To do: Retype the material that follows exactly, limited to the lines from the one with "A Kate Spade" through the one with "Mystical Purple and", and keep out all pictures.

Dataset excerpts:
%%
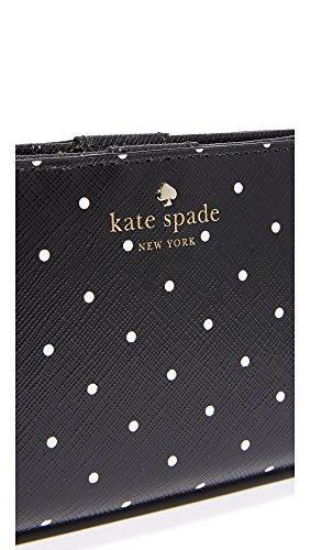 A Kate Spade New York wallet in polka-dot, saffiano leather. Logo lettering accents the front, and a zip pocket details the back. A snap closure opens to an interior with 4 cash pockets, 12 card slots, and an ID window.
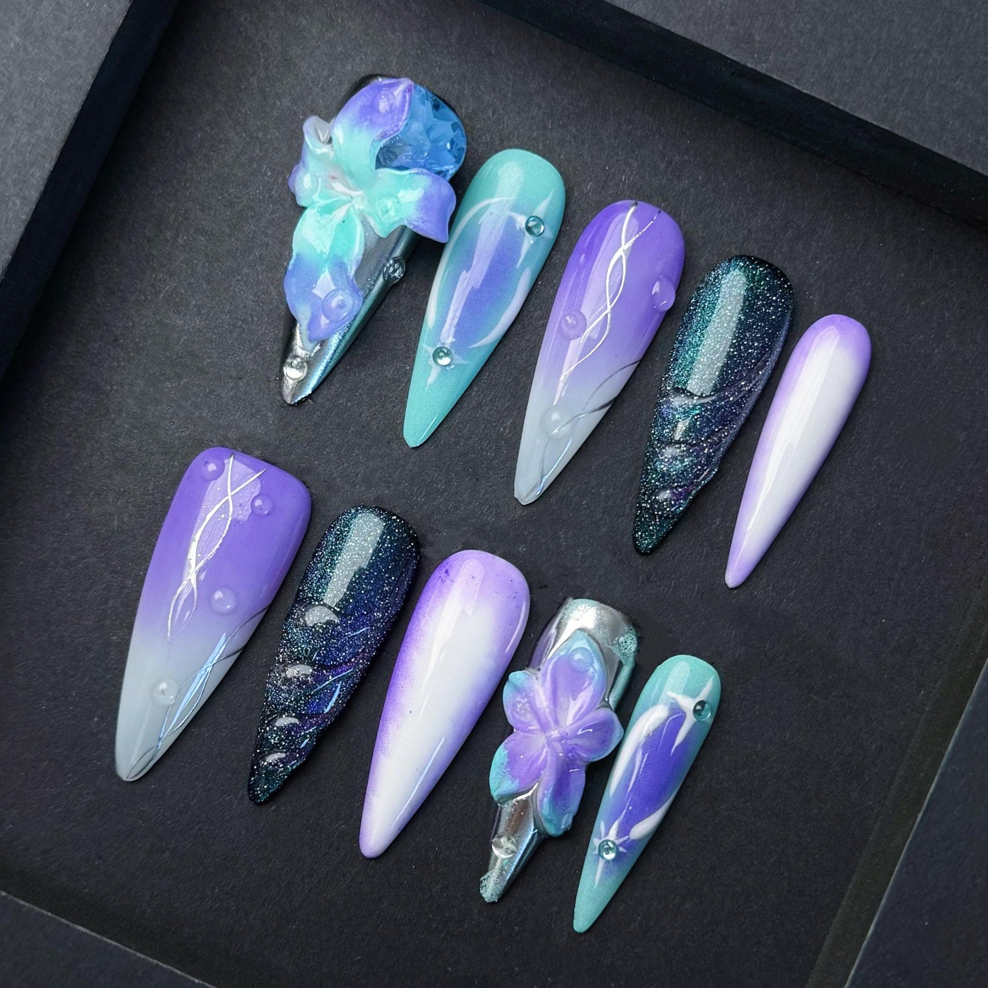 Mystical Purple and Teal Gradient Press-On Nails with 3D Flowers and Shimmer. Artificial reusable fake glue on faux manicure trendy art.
%%
%%
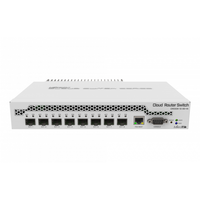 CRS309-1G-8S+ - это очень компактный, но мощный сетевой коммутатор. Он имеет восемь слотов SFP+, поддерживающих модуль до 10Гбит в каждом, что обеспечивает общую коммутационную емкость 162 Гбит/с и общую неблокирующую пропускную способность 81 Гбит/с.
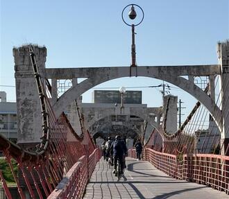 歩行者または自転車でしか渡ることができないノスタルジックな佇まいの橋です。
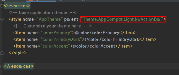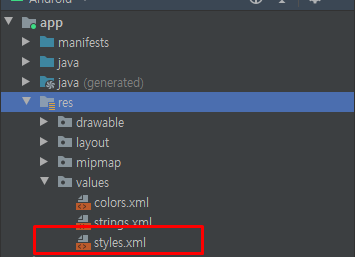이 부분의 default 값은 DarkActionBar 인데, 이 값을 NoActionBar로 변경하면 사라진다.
%%
Answer space:
 A Kate Spade New York wallet in polka-dot, saffiano leather. Logo lettering accents the front, and a zip pocket details the back. A snap closure opens to an interior with 4 cash pockets, 12 card slots, and an ID window.
 Mystical Purple and Teal Gradient Press-On Nails with 3D Flowers and Shimmer. Artificial reusable fake glue on faux manicure trendy art.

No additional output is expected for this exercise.